3.4. Output Explanation

Bitmap Heap Scan and Bitmap Index Scan: Show how the hypothetical index is used in scanning the table.
Cost Reduction: Reduced costs in the query plan indicate improved performance due to the hypothetical index.

3.5. Creating our second Hypothetical Index and check the output

postgres# SELECT * FROM hypopg_create_index('CREATE INDEX ON dbicc.dbi_techres USING btree (res_id)');
+------------+---------------------------------------+
| indexrelid | indexname                             |
|------------+---------------------------------------|
| 14455      | <14455>btree_dbicc_dbi_techres_res_id |
+------------+---------------------------------------+
SELECT 1
Time: 0.013s

postgres# EXPLAIN SELECT tech.id techid, tech.label techlabel, reslevel.techlevel techlevel, reslevel.techlvlid
             FROM dbi_technologies tech
             LEFT JOIN
             ( SELECT techlvl.label techlevel, techlvl.id techlvlid, techres.tech_id tech_id
             FROM dbi_techres techres,
             dbi_techlevels techlvl
             WHERE techres.res_id = 60
             AND techlvl.id = techres.techlevel_id) AS reslevel
             ON tech.id = reslevel.tech_id
             WHERE tech.cat_id = 10
             ORDER BY techlabel;
+---------------------------------------------------------------------------------------------------------------------------------------+
| QUERY PLAN                                                                                                                            |
|---------------------------------------------------------------------------------------------------------------------------------------|
| Sort  (cost=62.47..62.51 rows=14 width=241)                                                                                           |
|   Sort Key: tech.label                                                                                                                |
|   ->  Hash Right Join  (cost=10.65..62.21 rows=14 width=241)                                                                          |
|         Hash Cond: (techres.tech_id = tech.id)                                                                                        |
|         ->  Hash Join  (cost=1.17..52.55 rows=66 width=226)                                                                           |
|               Hash Cond: (techres.techlevel_id = techlvl.id)                                                                          |
|               ->  Index Scan using "<14455>btree_dbicc_dbi_techres_res_id" on dbi_techres techres  (cost=0.03..51.12 rows=66 width=8) |
|                     Index Cond: (res_id = 60)                                                                                         |
|               ->  Hash  (cost=1.06..1.06 rows=6 width=222)                                                                            |
|                     ->  Seq Scan on dbi_techlevels techlvl  (cost=0.00..1.06 rows=6 width=222)                                        |
|         ->  Hash  (cost=9.31..9.31 rows=14 width=19)                                                                                  |
|               ->  Bitmap Heap Scan on dbi_technologies tech  (cost=4.13..9.31 rows=14 width=19)                                       |
|                     Recheck Cond: (cat_id = 10)                                                                                       |
|                     ->  Bitmap Index Scan on "<14454>btree_dbicc_dbi_technologies_cat_id"  (cost=0.00..4.13 rows=14 width=0)          |
|                           Index Cond: (cat_id = 10)                                                                                   |
+---------------------------------------------------------------------------------------------------------------------------------------+

3.6. Output Explanation

Bitmap Heap Scan and Bitmap Index Scan: Show how the hypothetical index is used in scanning the table.
Cost Reduction: Reduced costs in the query plan indicate improved performance due to the hypothetical index.
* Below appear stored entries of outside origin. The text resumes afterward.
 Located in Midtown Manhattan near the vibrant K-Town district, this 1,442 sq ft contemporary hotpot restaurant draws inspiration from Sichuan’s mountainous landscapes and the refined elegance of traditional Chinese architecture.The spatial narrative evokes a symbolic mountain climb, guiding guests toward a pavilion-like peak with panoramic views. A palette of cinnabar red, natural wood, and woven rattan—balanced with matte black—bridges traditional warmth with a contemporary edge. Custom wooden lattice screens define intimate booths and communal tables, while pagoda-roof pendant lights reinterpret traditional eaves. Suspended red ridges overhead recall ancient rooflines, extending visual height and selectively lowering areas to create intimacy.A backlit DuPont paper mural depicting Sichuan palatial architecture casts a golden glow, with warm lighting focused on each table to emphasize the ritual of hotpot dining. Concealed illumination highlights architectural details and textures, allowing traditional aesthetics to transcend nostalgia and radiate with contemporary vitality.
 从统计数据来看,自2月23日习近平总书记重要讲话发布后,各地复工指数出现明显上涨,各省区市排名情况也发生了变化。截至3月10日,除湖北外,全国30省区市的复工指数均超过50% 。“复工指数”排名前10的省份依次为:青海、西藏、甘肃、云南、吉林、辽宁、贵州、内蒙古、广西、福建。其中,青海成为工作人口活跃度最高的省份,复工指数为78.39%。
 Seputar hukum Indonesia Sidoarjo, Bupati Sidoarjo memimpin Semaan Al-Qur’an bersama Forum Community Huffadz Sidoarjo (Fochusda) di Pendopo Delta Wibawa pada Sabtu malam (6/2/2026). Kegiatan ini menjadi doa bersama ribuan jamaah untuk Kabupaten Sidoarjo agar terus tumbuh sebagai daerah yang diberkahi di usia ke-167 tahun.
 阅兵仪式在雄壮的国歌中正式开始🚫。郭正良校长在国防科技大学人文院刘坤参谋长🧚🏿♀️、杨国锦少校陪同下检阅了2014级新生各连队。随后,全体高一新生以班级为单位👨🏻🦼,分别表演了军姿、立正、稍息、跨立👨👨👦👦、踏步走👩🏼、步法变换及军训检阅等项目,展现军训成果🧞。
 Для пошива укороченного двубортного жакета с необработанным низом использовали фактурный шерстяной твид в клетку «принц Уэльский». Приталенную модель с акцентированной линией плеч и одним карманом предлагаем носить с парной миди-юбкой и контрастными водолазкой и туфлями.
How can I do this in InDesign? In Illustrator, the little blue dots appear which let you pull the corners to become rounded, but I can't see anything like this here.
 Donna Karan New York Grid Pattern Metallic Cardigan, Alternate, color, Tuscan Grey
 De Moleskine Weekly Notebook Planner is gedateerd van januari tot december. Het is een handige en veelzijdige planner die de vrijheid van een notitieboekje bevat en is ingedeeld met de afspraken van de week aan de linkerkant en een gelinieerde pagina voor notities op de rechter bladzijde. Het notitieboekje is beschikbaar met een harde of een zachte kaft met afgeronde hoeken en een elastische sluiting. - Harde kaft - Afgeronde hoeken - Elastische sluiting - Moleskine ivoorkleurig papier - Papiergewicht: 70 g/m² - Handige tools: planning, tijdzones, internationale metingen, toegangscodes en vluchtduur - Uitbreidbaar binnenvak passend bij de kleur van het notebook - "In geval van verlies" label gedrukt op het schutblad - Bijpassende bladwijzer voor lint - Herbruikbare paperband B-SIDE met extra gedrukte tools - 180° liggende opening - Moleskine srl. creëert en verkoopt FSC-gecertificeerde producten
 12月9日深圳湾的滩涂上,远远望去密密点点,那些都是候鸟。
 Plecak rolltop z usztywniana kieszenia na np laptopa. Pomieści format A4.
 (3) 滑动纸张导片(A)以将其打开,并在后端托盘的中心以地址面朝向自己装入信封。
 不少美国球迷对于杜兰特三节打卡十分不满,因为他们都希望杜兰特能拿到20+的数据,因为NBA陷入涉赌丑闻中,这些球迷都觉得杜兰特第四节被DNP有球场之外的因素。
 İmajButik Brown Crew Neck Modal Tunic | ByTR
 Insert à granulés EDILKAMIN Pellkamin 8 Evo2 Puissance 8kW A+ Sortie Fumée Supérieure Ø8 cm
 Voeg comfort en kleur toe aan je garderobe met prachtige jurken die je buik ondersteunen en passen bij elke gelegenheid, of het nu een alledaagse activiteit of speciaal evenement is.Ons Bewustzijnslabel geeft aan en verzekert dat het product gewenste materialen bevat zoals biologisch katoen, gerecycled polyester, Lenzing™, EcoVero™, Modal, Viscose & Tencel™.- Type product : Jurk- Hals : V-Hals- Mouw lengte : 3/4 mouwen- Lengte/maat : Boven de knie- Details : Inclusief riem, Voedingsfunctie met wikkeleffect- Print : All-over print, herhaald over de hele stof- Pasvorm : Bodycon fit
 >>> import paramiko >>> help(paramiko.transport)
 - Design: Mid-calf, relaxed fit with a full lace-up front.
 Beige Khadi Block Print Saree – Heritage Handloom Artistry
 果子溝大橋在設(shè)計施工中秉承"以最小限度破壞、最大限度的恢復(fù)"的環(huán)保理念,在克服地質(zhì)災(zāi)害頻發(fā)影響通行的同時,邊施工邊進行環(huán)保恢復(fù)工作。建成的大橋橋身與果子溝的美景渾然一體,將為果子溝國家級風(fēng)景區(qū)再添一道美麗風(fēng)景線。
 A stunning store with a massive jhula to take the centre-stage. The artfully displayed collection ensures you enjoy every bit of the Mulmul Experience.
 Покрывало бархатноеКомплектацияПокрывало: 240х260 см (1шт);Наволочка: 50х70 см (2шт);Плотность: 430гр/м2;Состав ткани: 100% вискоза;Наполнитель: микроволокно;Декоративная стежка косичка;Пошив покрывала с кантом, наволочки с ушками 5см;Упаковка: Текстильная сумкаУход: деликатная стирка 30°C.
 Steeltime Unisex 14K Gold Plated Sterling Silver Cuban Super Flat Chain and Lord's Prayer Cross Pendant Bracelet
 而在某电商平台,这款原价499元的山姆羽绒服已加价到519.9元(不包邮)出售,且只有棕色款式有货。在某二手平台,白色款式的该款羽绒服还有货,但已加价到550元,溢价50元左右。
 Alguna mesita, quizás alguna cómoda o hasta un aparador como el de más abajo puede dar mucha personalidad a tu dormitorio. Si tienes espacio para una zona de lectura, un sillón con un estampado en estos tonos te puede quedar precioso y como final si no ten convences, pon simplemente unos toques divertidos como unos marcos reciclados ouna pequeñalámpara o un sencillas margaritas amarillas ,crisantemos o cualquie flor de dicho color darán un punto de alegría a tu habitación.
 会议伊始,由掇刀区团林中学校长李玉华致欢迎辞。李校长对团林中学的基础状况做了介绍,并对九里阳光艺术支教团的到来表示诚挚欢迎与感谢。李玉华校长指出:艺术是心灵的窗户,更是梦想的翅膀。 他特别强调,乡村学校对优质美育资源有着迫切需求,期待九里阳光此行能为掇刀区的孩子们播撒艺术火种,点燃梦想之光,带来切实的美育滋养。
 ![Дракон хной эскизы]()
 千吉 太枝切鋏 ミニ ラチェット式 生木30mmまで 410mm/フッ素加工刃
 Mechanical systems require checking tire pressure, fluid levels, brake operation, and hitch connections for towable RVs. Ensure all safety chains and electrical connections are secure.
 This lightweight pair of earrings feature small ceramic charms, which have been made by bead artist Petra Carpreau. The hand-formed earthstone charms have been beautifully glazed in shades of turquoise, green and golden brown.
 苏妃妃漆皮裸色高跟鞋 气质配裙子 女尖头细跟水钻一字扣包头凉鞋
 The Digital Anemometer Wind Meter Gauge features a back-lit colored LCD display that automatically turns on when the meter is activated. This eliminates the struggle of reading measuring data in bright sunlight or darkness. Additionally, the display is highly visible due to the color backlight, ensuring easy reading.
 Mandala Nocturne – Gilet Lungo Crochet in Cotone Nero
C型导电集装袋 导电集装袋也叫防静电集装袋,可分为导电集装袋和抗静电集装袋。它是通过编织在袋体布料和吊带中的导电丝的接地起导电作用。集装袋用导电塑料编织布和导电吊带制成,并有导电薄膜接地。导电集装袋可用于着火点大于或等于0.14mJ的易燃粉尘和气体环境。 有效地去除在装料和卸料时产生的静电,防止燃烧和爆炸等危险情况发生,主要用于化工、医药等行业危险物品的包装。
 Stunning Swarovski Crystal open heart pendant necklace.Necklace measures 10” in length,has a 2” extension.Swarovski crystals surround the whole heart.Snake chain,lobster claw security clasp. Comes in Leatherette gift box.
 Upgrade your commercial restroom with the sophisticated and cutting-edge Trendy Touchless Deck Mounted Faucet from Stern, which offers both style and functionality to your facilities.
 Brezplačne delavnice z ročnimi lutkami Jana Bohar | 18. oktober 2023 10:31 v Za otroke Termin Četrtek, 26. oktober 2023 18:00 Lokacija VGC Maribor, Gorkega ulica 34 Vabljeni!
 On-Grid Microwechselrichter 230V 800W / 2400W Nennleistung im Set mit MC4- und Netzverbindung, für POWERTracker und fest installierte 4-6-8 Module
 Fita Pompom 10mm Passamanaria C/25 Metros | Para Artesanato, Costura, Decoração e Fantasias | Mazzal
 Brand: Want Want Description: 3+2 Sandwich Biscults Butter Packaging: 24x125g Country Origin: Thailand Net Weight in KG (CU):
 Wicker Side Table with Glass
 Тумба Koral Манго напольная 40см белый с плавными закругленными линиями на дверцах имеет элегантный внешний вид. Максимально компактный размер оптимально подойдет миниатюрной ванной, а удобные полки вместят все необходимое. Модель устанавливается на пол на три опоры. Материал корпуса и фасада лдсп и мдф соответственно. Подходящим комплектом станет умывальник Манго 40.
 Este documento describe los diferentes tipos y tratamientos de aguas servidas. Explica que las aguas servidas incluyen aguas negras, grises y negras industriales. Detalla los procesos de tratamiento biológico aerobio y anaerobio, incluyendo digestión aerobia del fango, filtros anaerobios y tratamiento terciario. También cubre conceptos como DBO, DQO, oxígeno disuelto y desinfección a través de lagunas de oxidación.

3.7. Key Differences and Benefits

After the creation of our HypoPG indexes, we can see some differences in our explain statements and notice some benefits:

Reduced Total Cost:

Without Indexes: The total cost was estimated at around 71.83.
With HypoPG Indexes: The total cost decreased to about 62.21.

Benefit: The overall cost of executing the query is lower, indicating improved efficiency.

Improved Join Strategies:

Without Indexes: The query used nested loop joins, which can be less efficient for large datasets.
With HypoPG Indexes: The query plan switched to hash joins, which are generally faster for joining large sets of data.

Benefit: Hash joins are more efficient and can handle larger datasets better than nested loops.

Better Index Usage:

Without Indexes: The plan didn’t use any specific indexes for cat_id or res_id in the dbi_technologies table.
With HypoPG Indexes: The plan utilized the hypothetical indexes for both cat_id and res_id.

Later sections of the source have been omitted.